HOW TO COMPLETE THIS TASK - Nothing but the lines from the first line of the records through the line with "Afmetingen: de letters" should be output, exactly as written and free of pictures.

== PROVIDED MATERIAL ==

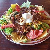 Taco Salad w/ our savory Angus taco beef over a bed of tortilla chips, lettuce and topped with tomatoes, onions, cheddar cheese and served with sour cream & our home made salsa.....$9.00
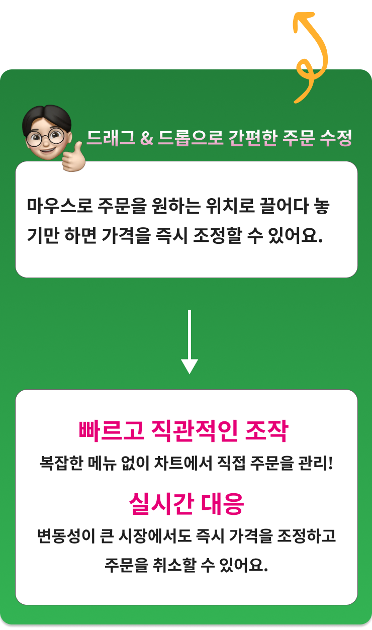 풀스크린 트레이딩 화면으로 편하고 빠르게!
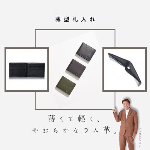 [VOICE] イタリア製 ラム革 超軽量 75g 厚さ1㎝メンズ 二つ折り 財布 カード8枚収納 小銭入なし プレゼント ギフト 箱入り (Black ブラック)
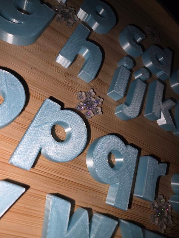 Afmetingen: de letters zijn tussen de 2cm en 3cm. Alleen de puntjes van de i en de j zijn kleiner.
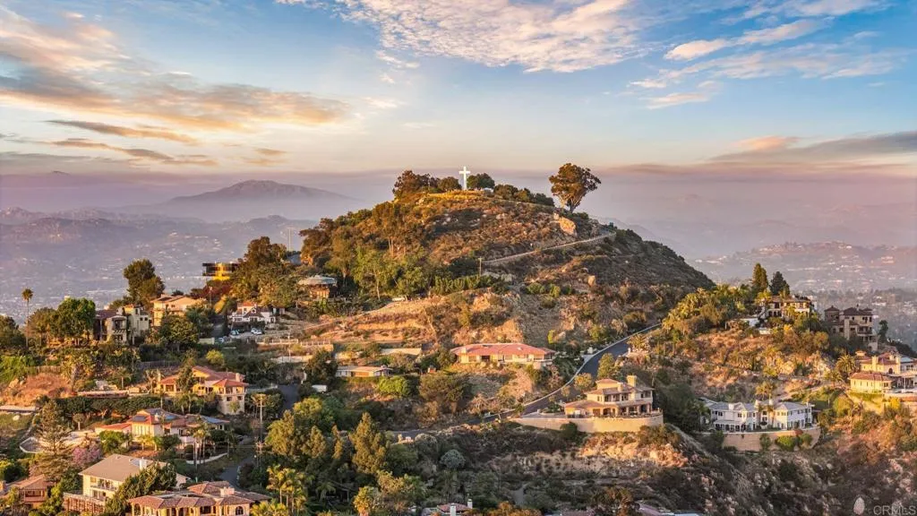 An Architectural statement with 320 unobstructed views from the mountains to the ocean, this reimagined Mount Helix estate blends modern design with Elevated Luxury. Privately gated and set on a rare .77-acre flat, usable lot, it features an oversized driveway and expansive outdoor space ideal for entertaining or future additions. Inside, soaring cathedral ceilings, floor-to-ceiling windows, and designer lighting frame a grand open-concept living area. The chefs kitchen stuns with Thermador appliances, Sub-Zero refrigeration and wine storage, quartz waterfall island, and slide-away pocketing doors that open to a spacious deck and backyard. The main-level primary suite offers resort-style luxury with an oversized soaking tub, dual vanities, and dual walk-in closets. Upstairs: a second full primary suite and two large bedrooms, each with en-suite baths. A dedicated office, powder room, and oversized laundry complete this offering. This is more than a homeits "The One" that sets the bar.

===

EXERCISE ANSWER -
 Taco Salad w/ our savory Angus taco beef over a bed of tortilla chips, lettuce and topped with tomatoes, onions, cheddar cheese and served with sour cream & our home made salsa.....$9.00
 풀스크린 트레이딩 화면으로 편하고 빠르게!
 [VOICE] イタリア製 ラム革 超軽量 75g 厚さ1㎝メンズ 二つ折り 財布 カード8枚収納 小銭入なし プレゼント ギフト 箱入り (Black ブラック)
 Afmetingen: de letters zijn tussen de 2cm en 3cm. Alleen de puntjes van de i en de j zijn kleiner.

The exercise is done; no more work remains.